Было около четырех часов дня. На перроне станции Панки безлюдно. Сотрудник железнодорожной милиции, дежуривший на платформе, только что ушел в линейное отделение.

— Проверьте буфет, — сказала приданным ей инспекторам Пантелеева, — а я подежурю на перроне.

Инспектора ушли. И в ту же минуту пришла электричка из Москвы. И Пантелеева увидела, как в один из вагонов быстро садятся трое молодых людей. Один из них был похож по приметам и по фотокарточке на Ковалева. А инспектора, как назло, не появляются. И милиционер тоже еще не вернулся. Выбора не было. Пантелеева одна последовала за преступником.

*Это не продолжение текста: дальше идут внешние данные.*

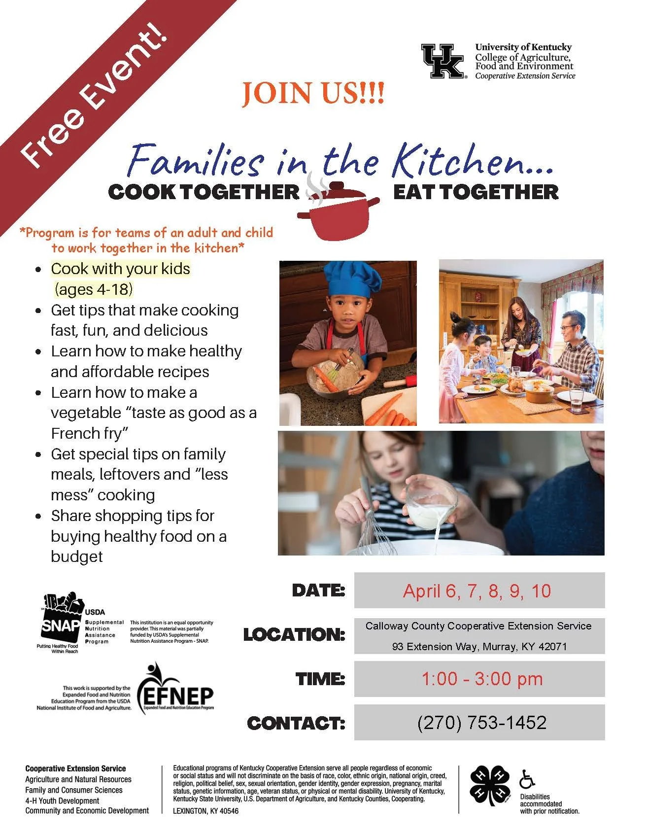 Back to All Events Families in the Kitchen @ Calloway County Extension Office Friday, April 10, 2026 1:00 PM 2:00 PM Calloway County Extension Office 93 Extension Way Murray, KY, 42071 United States (map) Google Calendar ICS
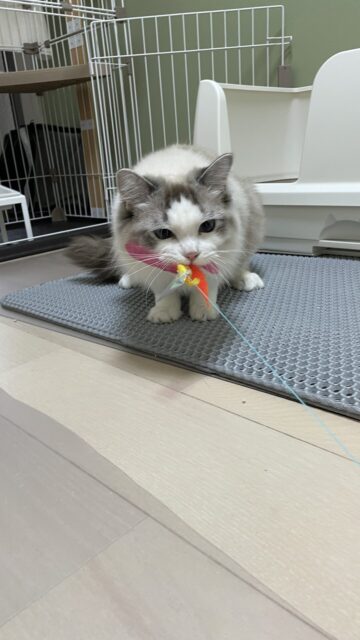 おもちゃを出すと、何それ‼️ すぐに飛びついてくれました😝
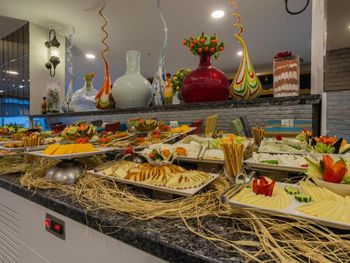 Каждый день в ресторане Falez сервируется завтрак «шведский стол», а в течение дня подаются фирменные блюда турецкой кухни. Коктейли и легкие закуски можно заказать в баре Best Western Aspendos, откуда открывается панорамный вид на Калеичи, пристань для яхт и море.
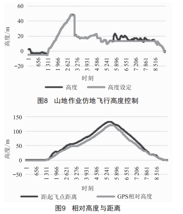 設(shè)計(jì)的控制器在Z-3N無人直升機(jī)進(jìn)行了試飛驗(yàn)證,圖8、圖9數(shù)據(jù)是Z-3N無人直升機(jī)進(jìn)行山地除草時(shí)的仿地飛行數(shù)據(jù),在5300至8300時(shí)刻(共計(jì)200S)打開仿地飛行功能,高度設(shè)定值為13.6m:仿地飛行過程中飛機(jī)飛行距離105m,飛機(jī)GPS高度下降100m,可見山地坡度已達(dá)459,而雷達(dá)高度設(shè)定值與反饋值最大偏差6m,仿地效果較好。
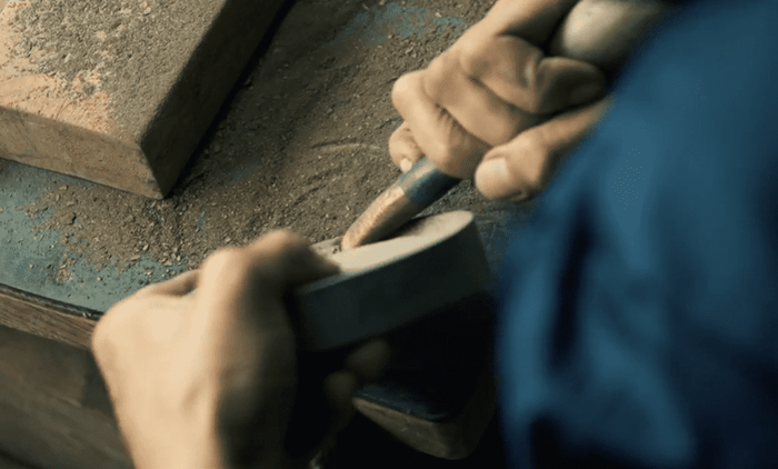 実際に職人の方が使っている30cmほどの大きなノミを使って、「墨堂(ぼくどう)」という墨を磨る面を彫ります。その後、砥石や耐水ペーパーなどで表面を滑らかに仕上げます。最後に、泥砥石(どろといし)と呼ばれる専用の研ぎ石で、墨をおろすための微細な凹凸をつける「目立て」を行い完成です。道具を使い、赤間石を硯に変化させていく工程は、職人が代々受け継ぎ、培ってきた正に「手業」と呼べるもので、その一部を経験できることはとても貴重です。出来上がった硯は職人が仕上げを行い、後日スタッフが郵送します。

— Одна мысль: задержать, не упустить, — продолжала свой рассказ Е. И. Пантелеева. — Вспоминаю приметы. Осторожно разглядываю лежащую в сумочке фотокарточку. Не очень похож. Как одна буду задерживать? У него же, наверное, нож? Смотрю в окно: на платформах станций, где останавливается электричка, сотрудников не вижу. Милиционеров тоже нет. Куда же все подевались? Малаховка — опять на платформе никого. А эта тройка сидит на скамье у входа и о чем-то шушукается. О чем? Может быть, они догадались, кто я? «Станция Удельная», — звучит в репродукторе голос машиниста. Принимаю решение брать их одна. Вытащила пистолет из сумки и положила в карман жакета. Смотрю, готовится к выходу один военнослужащий. Подхожу к нему и говорю: «Помогите задержать преступника». Он посмотрел на меня, смутился: «Я боюсь, — отвечает, — я же без оружия». На одной из скамей четверо, по виду рабочие. Я к ним. Они тоже отказываются: «На работу опаздываем». Станция Быково. Ковалев и его дружки поспешили к выходу. Я за ними. На платформе опять никого из наших. Словно нарочно. Неужели они не догадались сесть в машину и догнать меня? А Ковалев и его дружки идут в сторону туннеля. Я подхожу к нему. «Предъявите, — говорю, — паспорт». Ковалев усмехнулся. Полез в боковой карман. Вот сейчас, думаю, вытащит нож. Я уже мысленно приготовилась к этому: схвачу его сразу за руку, приемом самбо. А справлюсь ли? Парень — косая сажень. Но Ковалев дает мне паспорт. Читаю: Ковалев Владимир Петрович. «Вам придется пройти со мной в отделение», — говорю. На мгновение он растерялся, потом схватил меня за руку, пытаясь вырвать паспорт. Я его за пиджак. Тогда он со всей силой наносит мне удар. Очень больно, но я его не отпускаю. Вижу, хочет достать нож. В этот момент шедшие за мной четверо рабочих подбежали и помогли доставить его в дежурную комнату Быковского аэропорта. Оттуда я по телефону вызвала машину и наряд из Быковского отделения милиции… Между прочим, это были те самые рабочие парни, к которым я обращалась в вагоне.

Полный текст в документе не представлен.